Dataset content ::
=-=-=-=-=

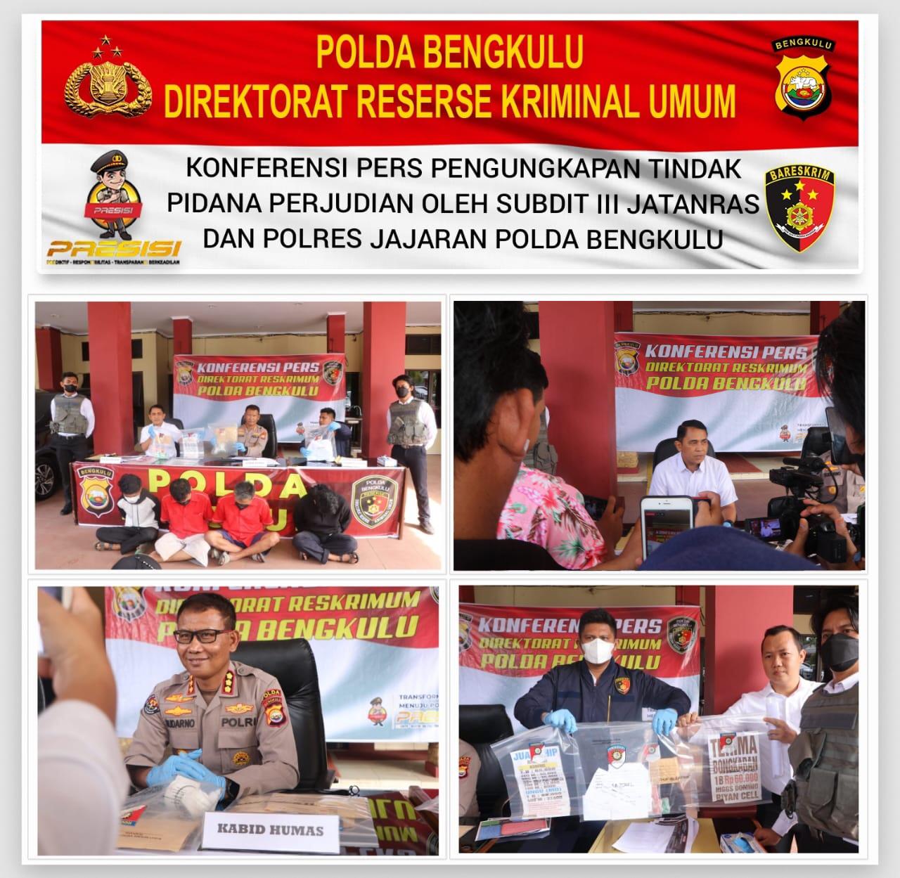 Menurut kabid humas polda bengkulu Kombes Pol Sudarno, S. Sos., M.H. didampingi Dir Reskrimum polda bengkulu Kombes Pol Teddy Suhendyawan Syarif S.I.K., M.Si dan Kasubdit 3 Jatanras Ditreskrimum Polda Bengkulu AKBP Lambe P Birana S.I.K., M.H. mengatakan, Penindakan kejahatan ini merupakan kegiatan rutin dilakukan Polda Bengkulu dan Polres jajaran Polda Bengkulu secara aktif melakukan penegakan hukum terhadap kejahatan yang meresakan masyarakat.
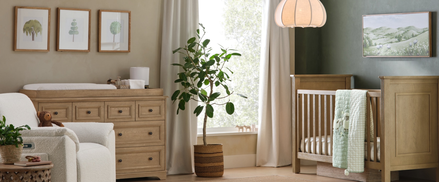 Once you select the nursery curtains, find the accessories and hardware you need. Find curtain rods in several versatile metallic finishes, including brushed gold, nickel and white. When choosing curtain rods, consider the finials, which can define the style of the rod and add a lovely finishing touch.
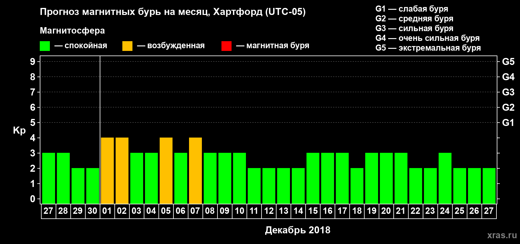 Прогноз магнитных бурь в Хартфорде — 27 ноября 2018 года

=-=-=-=-=

What you will do ::
Repeat the material exactly, without images.

Output ::
 Menurut kabid humas polda bengkulu Kombes Pol Sudarno, S. Sos., M.H. didampingi Dir Reskrimum polda bengkulu Kombes Pol Teddy Suhendyawan Syarif S.I.K., M.Si dan Kasubdit 3 Jatanras Ditreskrimum Polda Bengkulu AKBP Lambe P Birana S.I.K., M.H. mengatakan, Penindakan kejahatan ini merupakan kegiatan rutin dilakukan Polda Bengkulu dan Polres jajaran Polda Bengkulu secara aktif melakukan penegakan hukum terhadap kejahatan yang meresakan masyarakat.
 Once you select the nursery curtains, find the accessories and hardware you need. Find curtain rods in several versatile metallic finishes, including brushed gold, nickel and white. When choosing curtain rods, consider the finials, which can define the style of the rod and add a lovely finishing touch.
 Прогноз магнитных бурь в Хартфорде — 27 ноября 2018 года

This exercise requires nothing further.